Of Fish & Phones

Until 1997, on average, 5-8% of Kerala’s total fish catch was wasted, says Robert Jensen [”The Digital Provide”; .pdf file here], who has surveyed the price of sardines at 15 beach markets. On January 14th 1997, for example, 11 fishermen at Badagara beach ended up throwing away their catches, yet on that day there were 27 buyers at markets within about nine miles who would have bought their fish. There were also wide variations in the price of sardines along the coast.

But starting in 1997 mobile phones were introduced.

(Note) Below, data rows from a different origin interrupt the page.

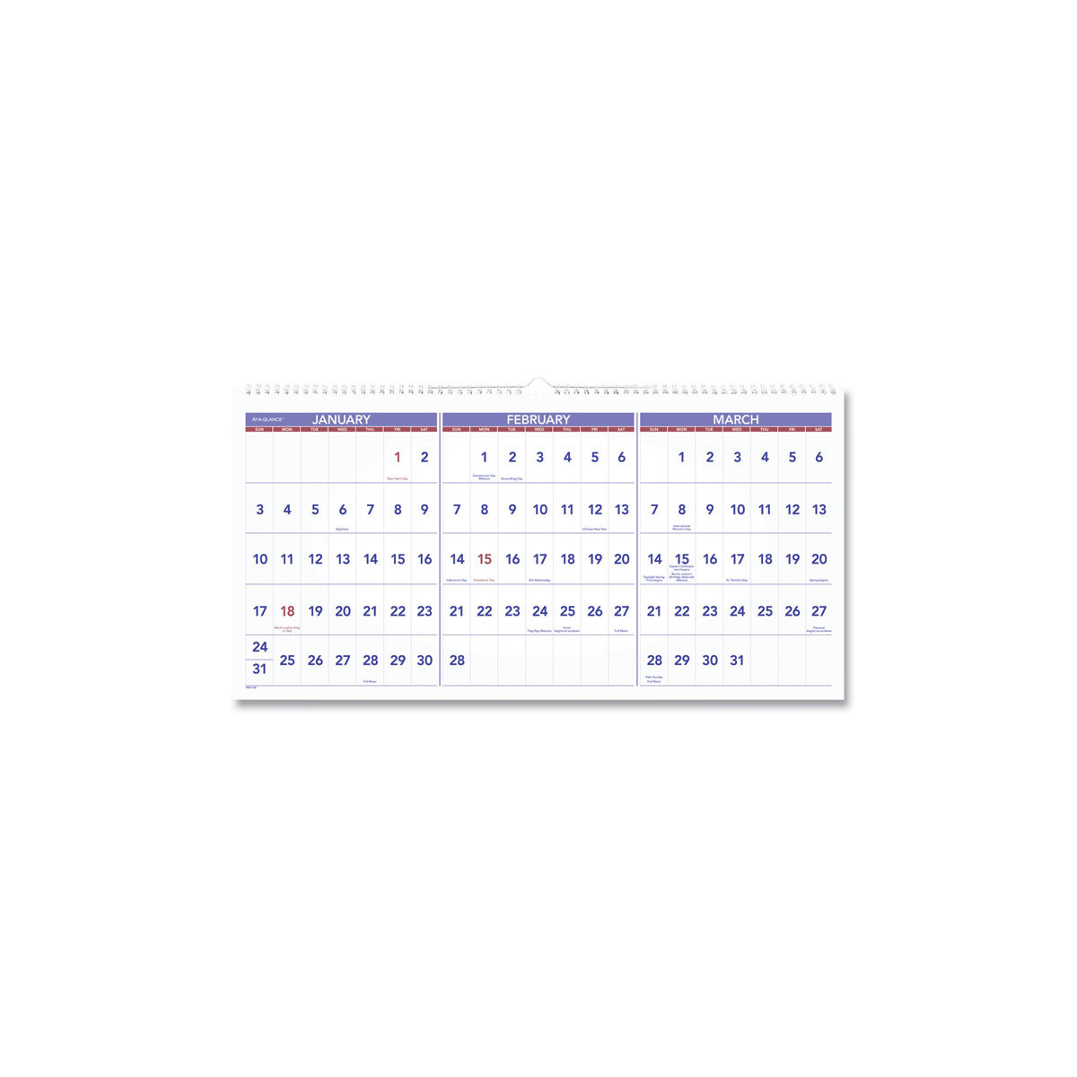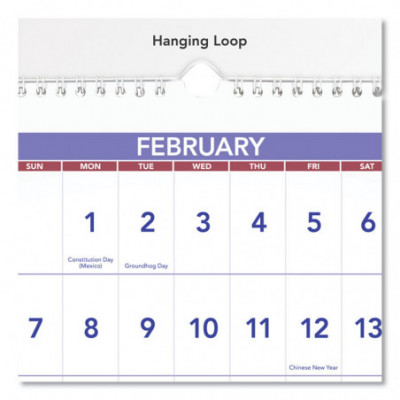 Three-month per page view: past, current and future months. Large, easy-to-read numbers. Federal holidays highlighted. White wirebound with hanging loop.
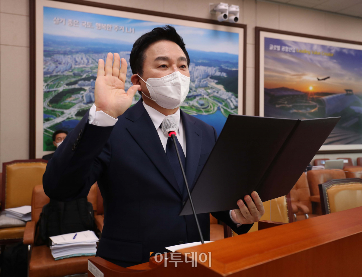 원희룡 국토부장관 후보자가 2일 서울 여의도 국회 국토교통위원회 회의실에서 열린 국토부장관 후보자 인사청문회에서 선서하고 있다.
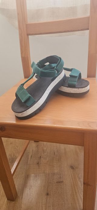 Sandalias Camper talla 39, color verde. Son unas sandalias bonitas y estan en buen estado. Han sido usadas un par de veces. Nuevas costaron 70€. - Plataforma cómoda. - Diseño moderno. - Perfectas para el verano.
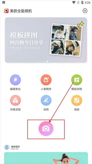 在【美颜全能相机】的界面里,点击位于中间位置的粉色相机按钮,就能进入与拍照相关的流程。

Coverage spread gradually, providing an ideal way to gauge the effect.

As phone coverage spread between 1997 and 2000, instead of selling their fish at beach auctions, the fishermen would call around to find the best price, while still at sea. Dividing the coast into three regions, Mr Jensen found that the proportion of fishermen who ventured beyond their home markets to sell their catches jumped from zero to around 35% as soon as coverage became available in each region. At that point, no fish were wasted and the variation in prices fell dramatically. By the end of the study coverage was available in all three regions. Waste had been eliminated and the “law of one price” had come into effect, in the form of a single rate for sardines along the coast.

Fishermen’s profits rose by 8% on average and consumer prices fell by 4% on average. Higher profits meant the phones typically paid for themselves within two months.

Leonard Waverman [”The Impact of Telecoms on Economic Growth in Developing Countries”; .pdf file here] found that an extra 10 mobile phones per 100 people in a typical developing country leads to an additional 0.44 percentage points of growth in GDP per person.